Safety analyses across the conducted trials consistently indicate that repotrectinib is generally well tolerated. The drug’s adverse events are manageable and its PK profile, as determined in multiple interaction studies, is predictable. Moreover, its activity in difficult-to-treat populations such as patients with brain metastases, elderly patients, and pediatric populations further underscores its potential utility in precision oncology.

Looking toward the future, ongoing studies—such as updated data from TRIDENT-1, upcoming results from the Phase III TRIDENT-3 trial, and combination studies in other molecular subtypes—promise to further delineate repotrectinib’s place in the treatment landscape. Future research, particularly in the realms of biomarker identification, long-term outcome analysis, and combination regimens, will be crucial in harnessing the full therapeutic potential of repotrectinib.
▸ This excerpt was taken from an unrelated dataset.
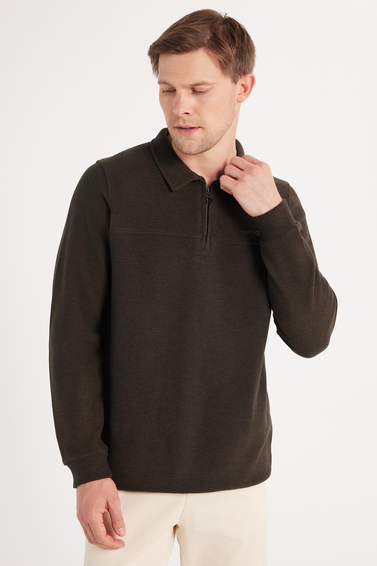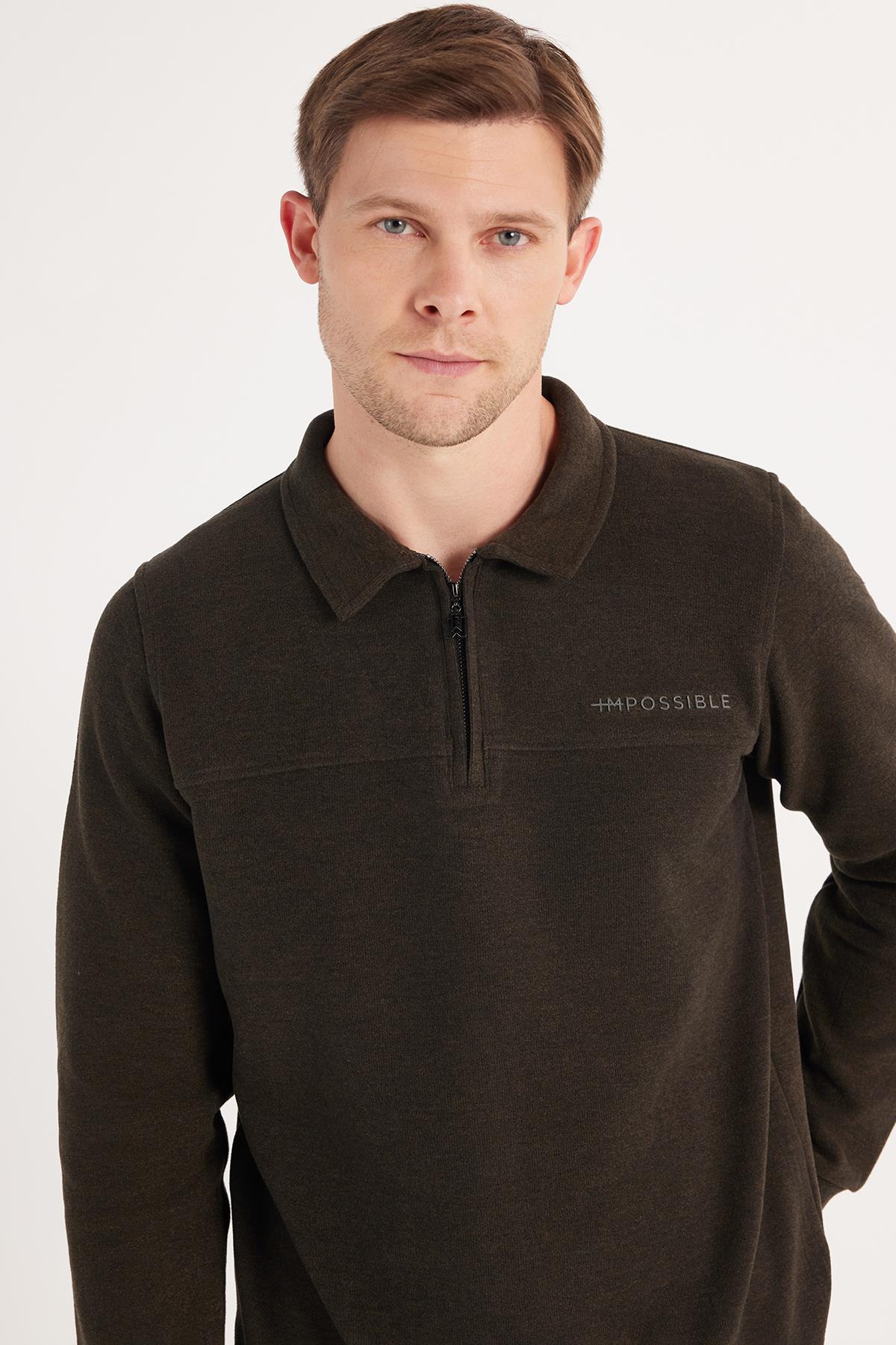 Erkek Standart Fit Pamuklu Selanik Kumaş Yarım Fermuarlı Polo Yaka Baskılı Kahverengi Sweatshirt (SW250017-07)
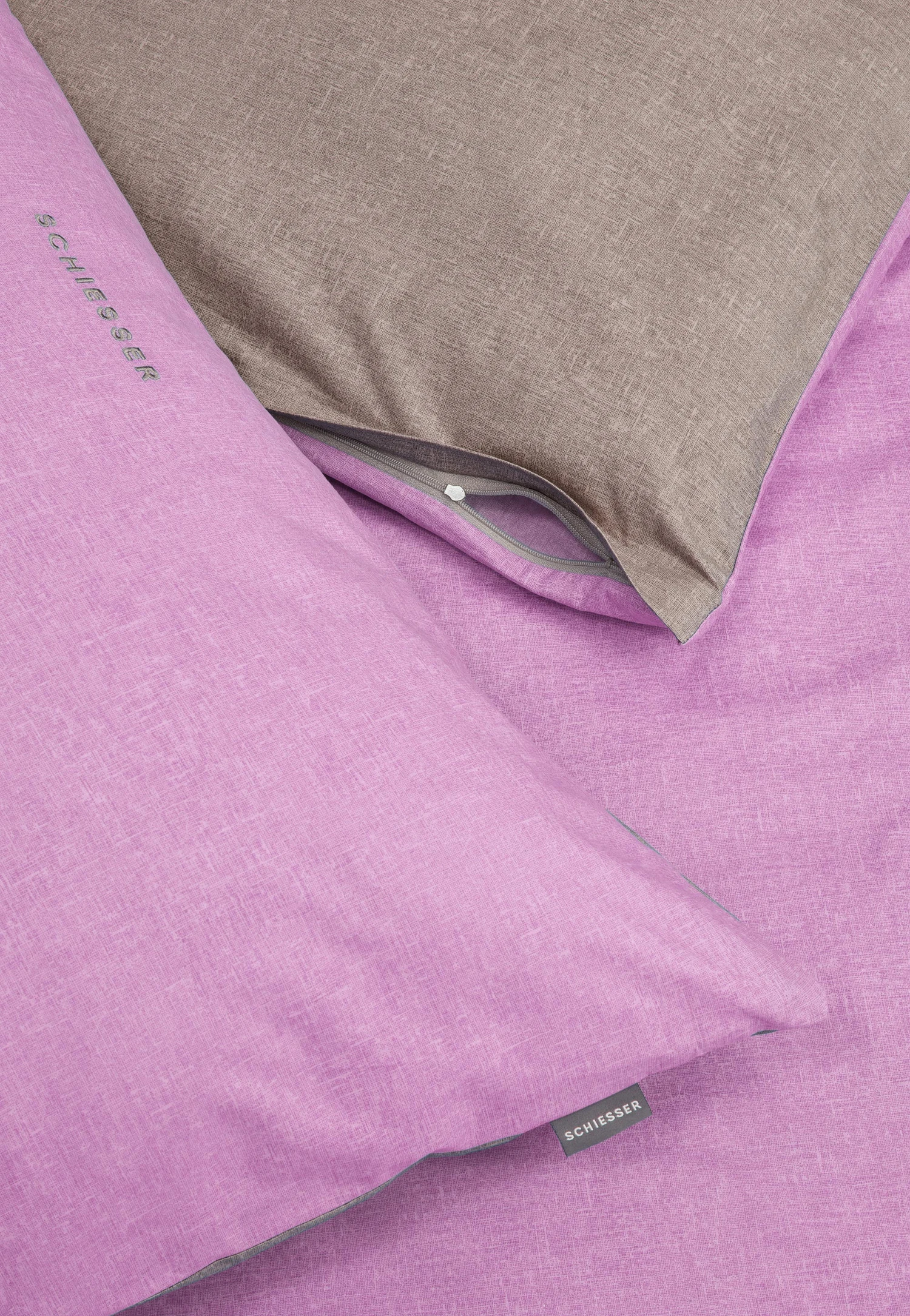 This two-piece reversible bed linen set adds some fashionable flair to your bedroom! Temperature-regulating Renforcé made of 100% cotton not only feels wonderfully soft on the skin, but also scores points with its practical, high-quality zipper! With one side in rosé and the other in brown, this duvet and pillowcase will surprise you again and again – in the best SCHIESSER quality, of course!

In conclusion, the comprehensive array of clinical trials conducted for repotrectinib—from initial Phase I studies evaluating PK, safety, and drug-drug interactions through to Phase II and Phase III trials that probe efficacy in distinct molecularly defined populations—demonstrates a robust and thoughtfully designed development program. The promising efficacy outcomes coupled with a favorable safety profile suggest that repotrectinib may soon play a critical role in treating advanced solid tumors harboring ROS1 fusions, NTRK fusions, and potentially other oncogenic drivers. As additional data become available from ongoing trials, repotrectinib is poised to potentially shift current treatment guidelines and provide a new beacon of hope for patients with traditionally hard-to-treat cancers.